Alice Musgrove

Sunday’s Obituary – Joseph Musgrove (1866-1933)

Joseph Musgrove is my great grandfather. He was born on 1 December 1866 in Kendal, Westmorland, to parents Harrison Musgrove and Jane Rooking.

Joseph was the youngest of eight children. He was baptised on 21 April 1867 in Kendal. Less than a year later his father (Harrison) died on 16 April 1868. Then when Joseph was six years old his mother (Jane) died on 12 April 1873.

I guess that Joseph would have been looked after by his older siblings after the death of their parents. And in the 1881 census he is boarding with his eldest sister Agnes and her husband David Hutchinson at Albert Hill in Settle, West Yorkshire.

By the time of the next census on 5 April 1891 Joseph was back in Westmorland working as an agricultural labourer and living on a farm in Duke Street, Holme – about 10 miles south of Kendal.

Just over two years later Joseph married Elizabeth Ann Turner on 12 April 1893 at Settle Register Office.

Not sure what it is about the month of April but all the previous significant events happened in that month!!!

Anyway, Joseph and Elizabeth journeyed south to Clitheroe in Lancashire – stopping off on their way for three or four years at Horton in Ribblesdale, West Yorkshire, where Joseph worked in the limestone quarry.

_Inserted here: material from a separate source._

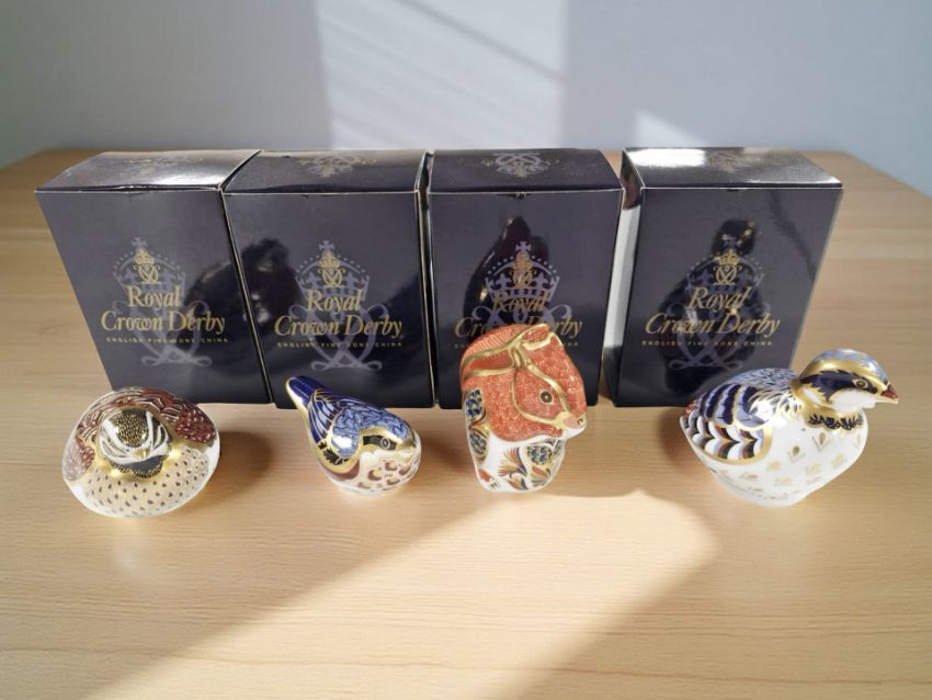Three Royal Crown Derby porcelain bird paperweights to include redlegged partridge, nuthatch, and dappled quail, together with a red squirrel. (all with gold stoppers, boxed)

Their first three children were born and baptised here.

At this time the family lived at Foredale Cottages – in the photograph below you can see the cottages on the hillside below the quarry.

myd36587_1.jpg

In the 1901 and 1911 census returns Joseph is still working as a limestone quarryman – now at the local Clitheroe quarry.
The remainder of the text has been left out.